Moa and Harry parted their way. They were not going in the same direction. Officers didn't eat at the mess as the simple soldiers and Harry was one of those. Maybe he was now a real hero but that was not enough for him to be promoted. In the army, an act of bravery was important, nobody could say otherwise but it didn't give special privileges.
Harry was waving his hand as he walked away, a big smile on his lips.
It absolutely did not look like the past social interactions the two men usually had, in the event, Harry would even have hug Moa.
This normally introverted and timid soldier, stingy of his words, unassuming guy had become verbose and tactile.
A simple joust he had been one of the main leading, one of the spot-lights as each joust was almost sure to reveal, and he was fundamentally transformed. War had a strange effect on certain people. Soldier was a very peculiar professional career; this was probably the reason why only parents who didn't like their children usually forced them to enroll, expecting a quick death, what usually happened, or a metamorphosis like the one Harry had today.
Was it for the best? Was it for the worse? Only the future and the luckiest fortune tellers had the answer, which would first depend on Harry's ability to stay alive long enough to see.
In any case, Moa also went away while hoping this transformation would not lead to the appearance of an invasive neighbor.
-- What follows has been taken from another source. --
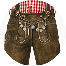 Although men don’t have quite the same range of accessories as women, Bavarian dress does offer a few options that other styles don’t: hats, for instance! Why not make a real entrance at the Oktoberfest with a Bavarian hat? Made of soft felt with a sturdy band around the crown, authentic examples also feature a Gamsbart, a tuft of mountain goat hair as proof of the wearer’s hunting credentials…

He did not like to have an invasive neighborhood. At home, it was his domain, his secret garden, his place and his alone. Sharing his private life with a colleague was out of the equation governing his life. Except for the technicians responsible for checking the operation of the mechanical ventilation system, no one had yet passed the threshold of his door. It was a way of ensuring that no variable came to put chaos in his interior.
In addition, when he crossed the road of a neighbor, he was always cordial with him, provided the said-neighbor was himself cordial with him but he did not like spending too much time in the common parts to discuss the bit of fat with other residents.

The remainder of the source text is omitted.